> **Task description**: Transcribe exactly the lines below that begin at the line with "黒いu型のクリップは髪を刺します。髪を太く固定します。" and stop after the line with "Big Dot of Happiness", leaving out every picture.

> **Data excerpts**:
Content starts
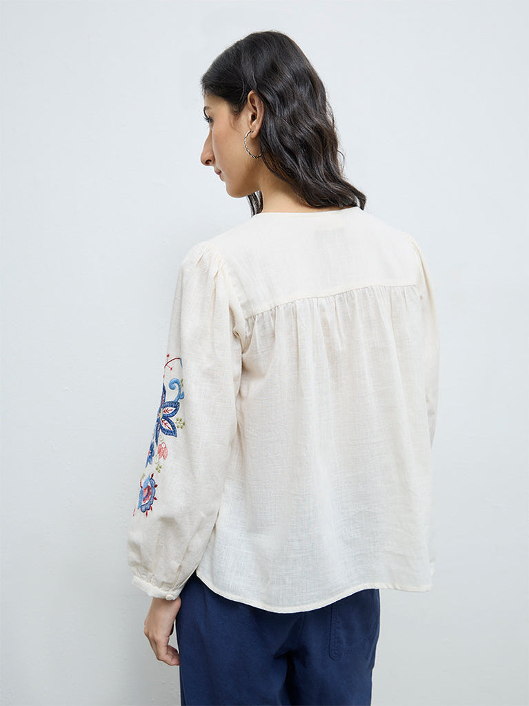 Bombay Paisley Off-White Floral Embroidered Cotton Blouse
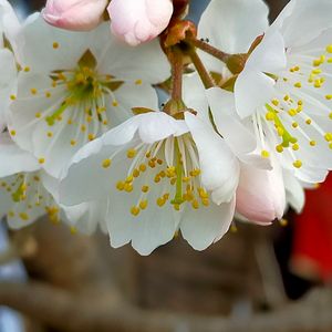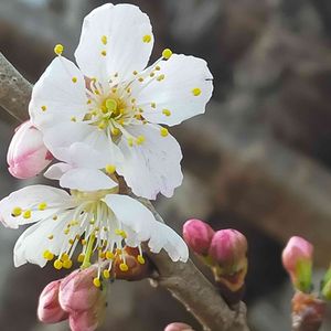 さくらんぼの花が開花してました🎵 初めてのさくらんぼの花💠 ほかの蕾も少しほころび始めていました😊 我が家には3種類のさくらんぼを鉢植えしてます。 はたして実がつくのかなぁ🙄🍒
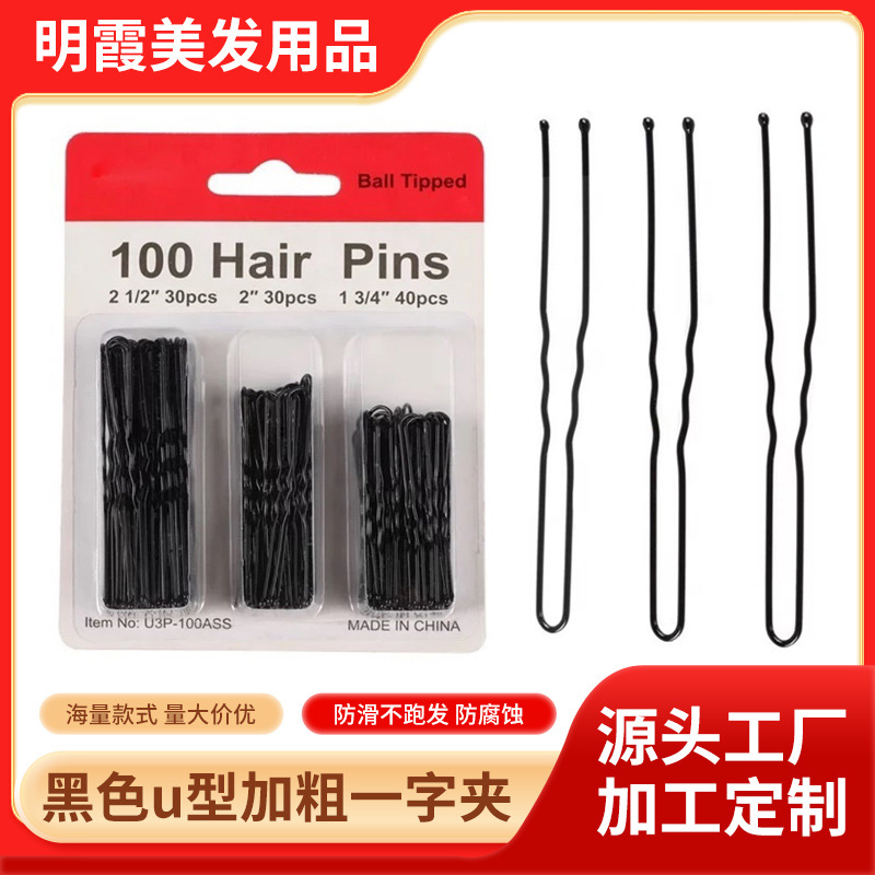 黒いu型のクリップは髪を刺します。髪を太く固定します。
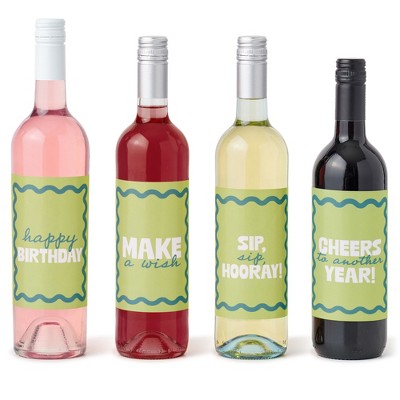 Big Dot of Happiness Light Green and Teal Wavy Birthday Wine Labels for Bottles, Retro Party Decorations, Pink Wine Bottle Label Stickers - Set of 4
Content ends
Content starts
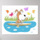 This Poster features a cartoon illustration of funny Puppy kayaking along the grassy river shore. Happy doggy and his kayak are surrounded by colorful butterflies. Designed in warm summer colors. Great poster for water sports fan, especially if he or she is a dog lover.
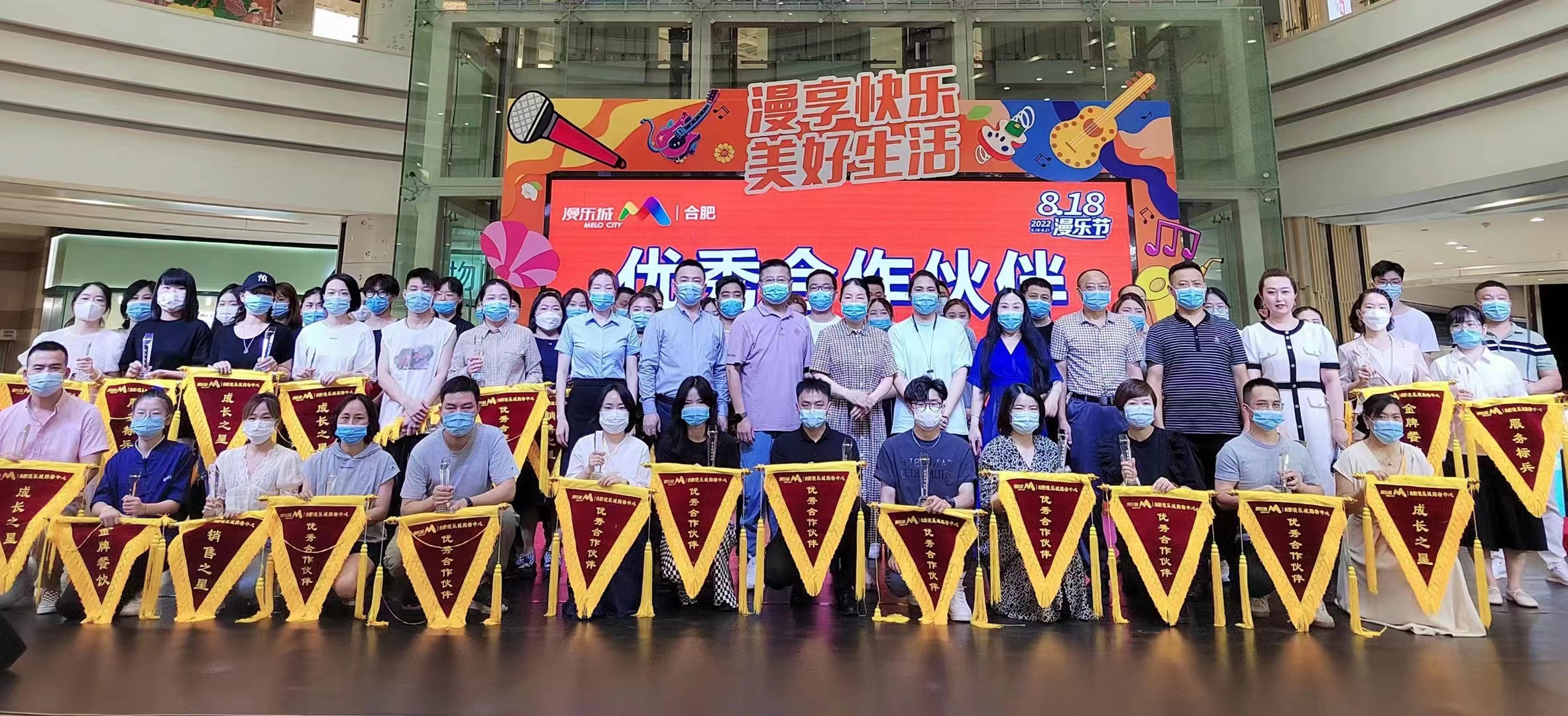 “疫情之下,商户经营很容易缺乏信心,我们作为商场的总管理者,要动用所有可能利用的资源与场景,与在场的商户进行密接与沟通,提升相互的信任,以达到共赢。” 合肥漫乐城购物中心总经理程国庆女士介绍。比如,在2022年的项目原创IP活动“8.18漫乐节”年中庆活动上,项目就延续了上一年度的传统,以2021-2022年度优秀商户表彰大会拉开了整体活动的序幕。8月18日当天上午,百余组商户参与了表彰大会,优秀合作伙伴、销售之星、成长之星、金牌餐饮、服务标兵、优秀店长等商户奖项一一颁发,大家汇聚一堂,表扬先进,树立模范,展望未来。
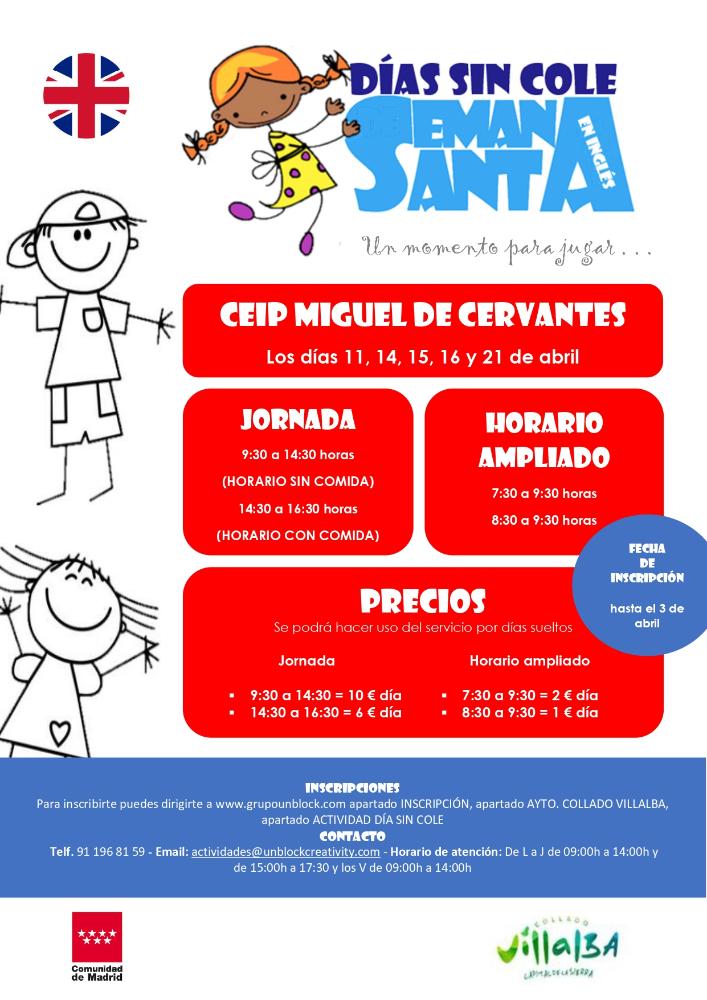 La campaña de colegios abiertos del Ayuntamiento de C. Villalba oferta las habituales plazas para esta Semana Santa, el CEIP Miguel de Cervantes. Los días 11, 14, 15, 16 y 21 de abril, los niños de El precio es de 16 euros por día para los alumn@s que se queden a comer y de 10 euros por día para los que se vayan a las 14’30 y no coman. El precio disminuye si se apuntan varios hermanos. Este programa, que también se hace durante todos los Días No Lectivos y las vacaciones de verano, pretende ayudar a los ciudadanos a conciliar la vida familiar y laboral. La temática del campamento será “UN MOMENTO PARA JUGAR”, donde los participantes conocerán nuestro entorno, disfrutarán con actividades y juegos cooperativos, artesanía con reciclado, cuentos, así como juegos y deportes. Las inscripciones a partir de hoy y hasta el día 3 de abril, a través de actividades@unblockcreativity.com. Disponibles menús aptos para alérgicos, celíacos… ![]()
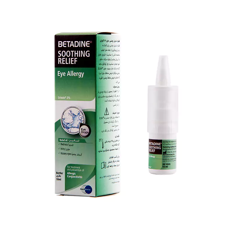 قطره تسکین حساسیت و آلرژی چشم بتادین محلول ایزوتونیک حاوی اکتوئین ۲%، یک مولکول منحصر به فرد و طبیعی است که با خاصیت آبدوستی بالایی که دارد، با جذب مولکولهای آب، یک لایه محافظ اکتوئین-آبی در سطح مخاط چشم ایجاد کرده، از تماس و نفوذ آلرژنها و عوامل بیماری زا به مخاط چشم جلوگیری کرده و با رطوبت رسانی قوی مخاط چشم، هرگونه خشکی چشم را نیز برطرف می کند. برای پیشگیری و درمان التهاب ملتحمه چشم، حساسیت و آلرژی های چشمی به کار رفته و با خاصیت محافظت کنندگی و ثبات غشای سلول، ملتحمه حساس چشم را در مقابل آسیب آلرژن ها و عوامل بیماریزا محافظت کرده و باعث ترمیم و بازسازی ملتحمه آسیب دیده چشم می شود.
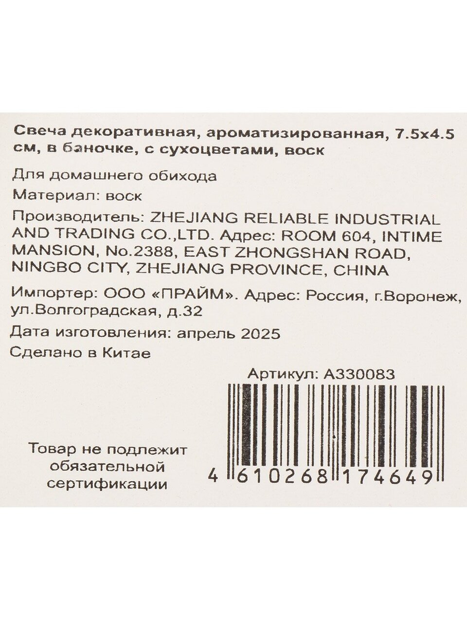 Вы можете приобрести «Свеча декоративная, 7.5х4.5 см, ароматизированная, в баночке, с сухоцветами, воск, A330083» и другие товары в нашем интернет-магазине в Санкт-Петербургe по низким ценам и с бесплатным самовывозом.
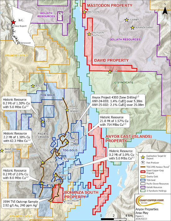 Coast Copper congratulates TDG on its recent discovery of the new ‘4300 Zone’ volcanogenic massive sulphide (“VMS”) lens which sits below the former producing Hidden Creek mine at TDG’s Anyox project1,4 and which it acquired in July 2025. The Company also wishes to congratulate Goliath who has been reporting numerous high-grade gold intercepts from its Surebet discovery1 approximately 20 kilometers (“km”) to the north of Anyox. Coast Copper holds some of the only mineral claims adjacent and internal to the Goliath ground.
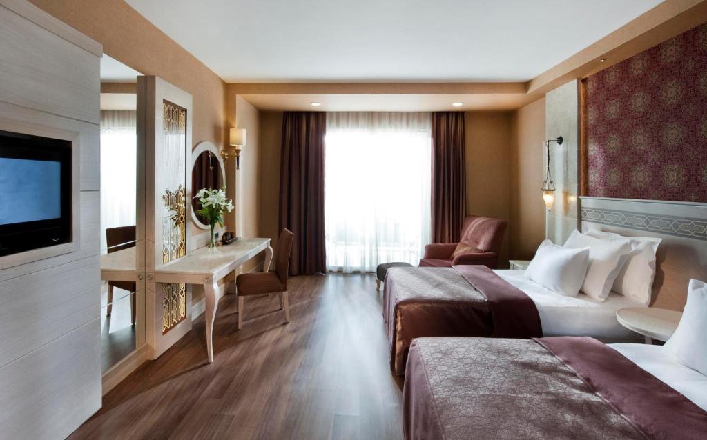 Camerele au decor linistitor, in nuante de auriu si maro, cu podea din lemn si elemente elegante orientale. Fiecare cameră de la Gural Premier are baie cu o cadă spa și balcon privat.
Content ends
Content starts
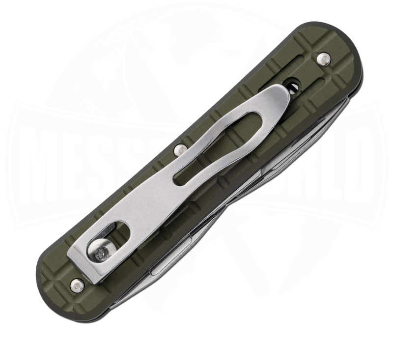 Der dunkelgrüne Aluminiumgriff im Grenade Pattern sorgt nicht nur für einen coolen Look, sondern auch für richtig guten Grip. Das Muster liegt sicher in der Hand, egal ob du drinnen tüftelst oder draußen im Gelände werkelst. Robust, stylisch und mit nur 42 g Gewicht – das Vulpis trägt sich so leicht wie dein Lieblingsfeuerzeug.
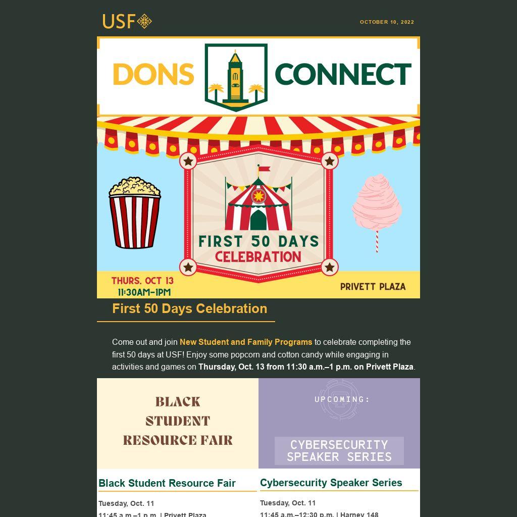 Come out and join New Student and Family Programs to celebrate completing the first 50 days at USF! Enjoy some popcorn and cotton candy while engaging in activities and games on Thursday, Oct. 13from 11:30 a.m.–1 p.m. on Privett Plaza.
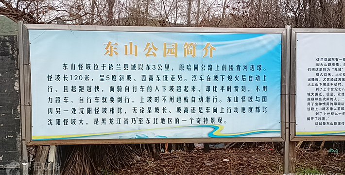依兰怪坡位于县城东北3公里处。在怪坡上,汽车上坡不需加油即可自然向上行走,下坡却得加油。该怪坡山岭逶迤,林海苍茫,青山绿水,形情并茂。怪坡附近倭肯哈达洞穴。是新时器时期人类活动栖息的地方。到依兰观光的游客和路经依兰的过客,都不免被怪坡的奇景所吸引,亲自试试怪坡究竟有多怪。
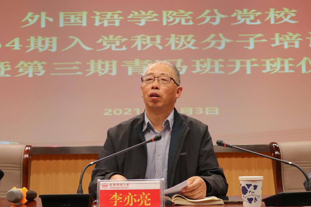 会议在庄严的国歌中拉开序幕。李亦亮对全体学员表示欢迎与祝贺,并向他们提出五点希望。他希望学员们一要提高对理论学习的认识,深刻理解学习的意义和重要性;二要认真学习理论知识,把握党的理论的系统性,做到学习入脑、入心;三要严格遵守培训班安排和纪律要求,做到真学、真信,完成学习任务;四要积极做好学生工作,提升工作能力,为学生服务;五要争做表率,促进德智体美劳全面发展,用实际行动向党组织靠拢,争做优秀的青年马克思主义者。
Content ends
> **Result of the exercise**:
 黒いu型のクリップは髪を刺します。髪を太く固定します。
 Big Dot of Happiness Light Green and Teal Wavy Birthday Wine Labels for Bottles, Retro Party Decorations, Pink Wine Bottle Label Stickers - Set of 4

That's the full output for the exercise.